Cloud Elasticity - A Real-World Example
Windows Azure is the cloud-based development platform that lets you build and run applications in the cloud, launch them in minutes instead of months and code in multiple languages or technologies including .NET, PHP, and Java.
One of the promises of Windows Azure and cloud computing in general is elasticity. The ability to quickly and easily expand and contract computing resources based on demand. A common example is that of retailers during the holiday season. There is a huge spike of activity beginning on “Black Friday” and, traditionally, a lot of money is spent preparing for the peak load.

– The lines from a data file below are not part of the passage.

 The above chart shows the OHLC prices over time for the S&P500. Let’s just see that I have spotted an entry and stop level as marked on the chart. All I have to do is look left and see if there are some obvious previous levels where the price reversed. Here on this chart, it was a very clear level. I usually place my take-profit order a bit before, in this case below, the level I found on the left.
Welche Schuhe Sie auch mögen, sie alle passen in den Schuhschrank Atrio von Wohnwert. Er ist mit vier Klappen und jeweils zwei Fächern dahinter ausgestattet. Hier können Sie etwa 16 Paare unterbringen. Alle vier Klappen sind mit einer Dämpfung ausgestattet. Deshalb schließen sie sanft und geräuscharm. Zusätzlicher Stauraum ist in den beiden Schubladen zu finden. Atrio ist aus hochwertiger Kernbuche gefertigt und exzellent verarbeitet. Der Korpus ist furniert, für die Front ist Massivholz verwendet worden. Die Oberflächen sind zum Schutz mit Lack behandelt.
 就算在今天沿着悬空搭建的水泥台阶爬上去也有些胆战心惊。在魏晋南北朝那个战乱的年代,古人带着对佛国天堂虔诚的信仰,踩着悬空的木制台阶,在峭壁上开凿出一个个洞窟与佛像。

Social eXperience Platform (SXP) is a multi-tenant web service that powers community and conversations for many sites on microsoft.com. A great example of one of our tenants is the Cloud Power web site. SXP is responsible for providing the conversation content on the site while the remainder of the site is served from the standard microsoft.com infrastructure. When the Cloud Power site sees an increase in traffic, SXP also sees an increase in traffic, which is exactly what happened in April.
In this case, the web traffic spikes were due to ads, which typically ran for a day or two. Compared to March’s average daily traffic (represented by the 100% bar), SXP’s traffic spiked to over 700%. Here’s a graph that shows 72 hours of traffic while an ad campaign was active. The blue area is normal traffic and the red area is the additional traffic generated by the ads. Since the ad was targeted to the US, there is a heavy US business hour bias to the traffic on both the soft launch as well as the full run.

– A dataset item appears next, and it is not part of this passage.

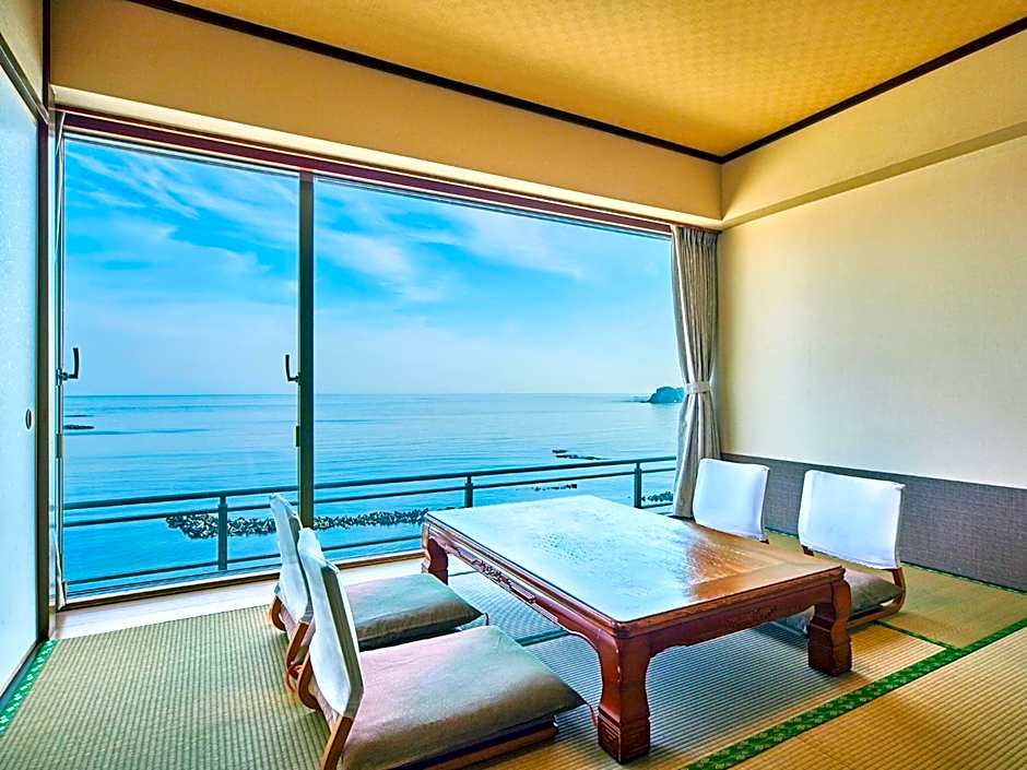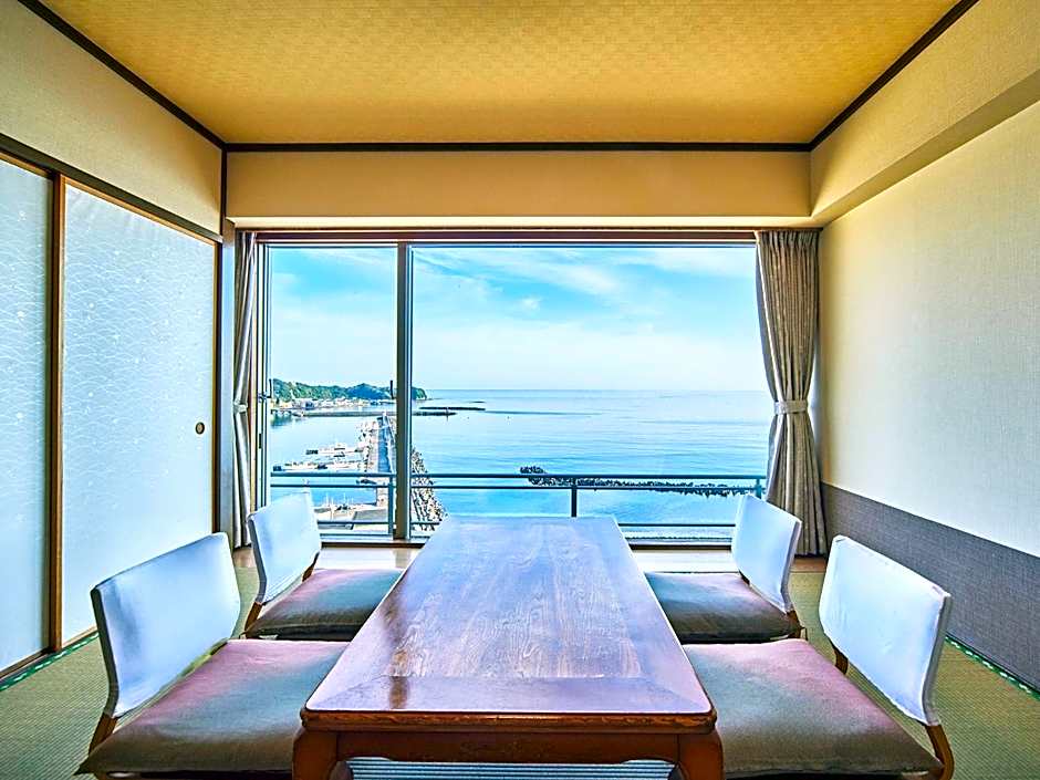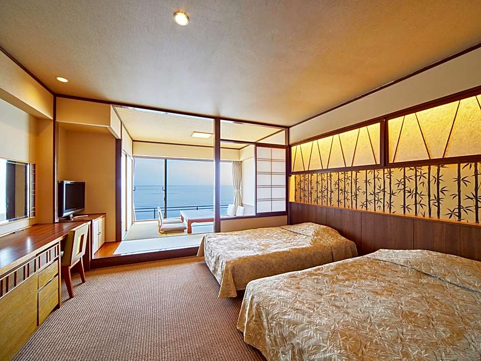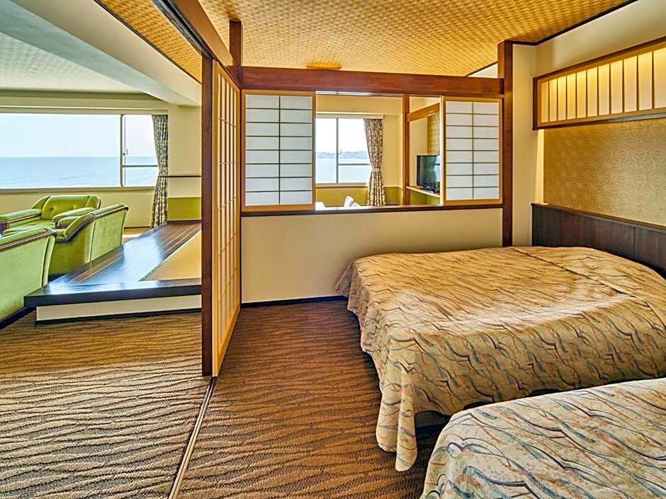 This spacious suite consists of 1 living room, 1 separate bedroom and 1 bathroom with a bath and free toiletries. The air-conditioned suite provides a flat-screen TV, tatami, a wardrobe, a safe deposit box as well as sea views. The unit offers 2 beds and 4 futons.

There are lots of examples of traffic spikes like this taking web sites down or causing such slow response that they appear to be down. Traditionally, the only way to handle such spikes was to over-purchase capacity. The majority of the time, the capacity isn't needed, so it sits mostly idle, consuming electricity and generating cooling costs. Windows Azure has a better approach.

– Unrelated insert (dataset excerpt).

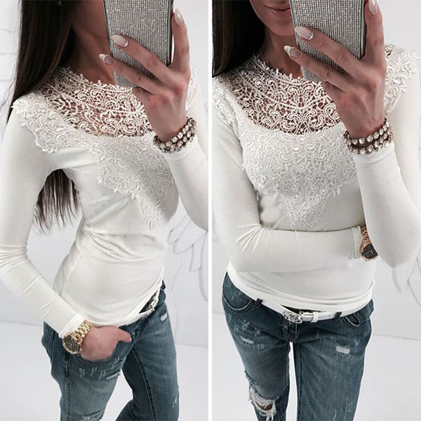 crafted from soft and breathable fabric,this t-shirt can promise you a comfortable day. And the lace spliced

The engineering team had a discussion with our business partners and learned that due to a couple of ad buys, SXP would see increased traffic on several days in April. In advance of the ads running, we worked with the Microsoft.com operations team and decided to double our Windows Azure compute capacity to ensure that we could handle the load.
This is where Windows Azure really made things easy. We went from 3 servers to 6 servers on our web tier within an hour of making the decision. The total human time to accomplish this was a couple of minutes. Our Ops lead changed one value in an XML file and Windows Azure took care of the rest. Within half an hour, we validated via the logs that we had doubled our capacity and all web servers were taking traffic.
We didn’t have to allocate servers or VMs. We didn’t have to install and patch an OS. We didn’t have to install our application. We didn’t have to run penetration tests. We didn’t have to reconfigure the firewall or the load balancer. All we did is modify a value in an XML file. Since Windows Azure provides a REST API as well as Power Shell scripts, automating this process is straight forward.
We monitored SXP closely during our first spike and determined that we didn’t need the additional capacity, so we turned the additional instances off. Again, this took a couple of minutes to modify the XML file and about a half hour to take effect.
Our total, full-retail cost for the burst capacity was $70 plus about 5 minutes of operations time.
Compared to the traditional models, Windows Azure made the process very fast and very simple. Windows Azure compute has a minimum time commitment of one hour, so complex systems can burst their capacity multiple times per day if needed. This is a very different model than traditional charge-back models for servers or VMs where you often get billed for a month or longer even though you don’t need the capacity.
If you have the need for elasticity, Windows Azure offers a compelling solution at a very reasonable price point.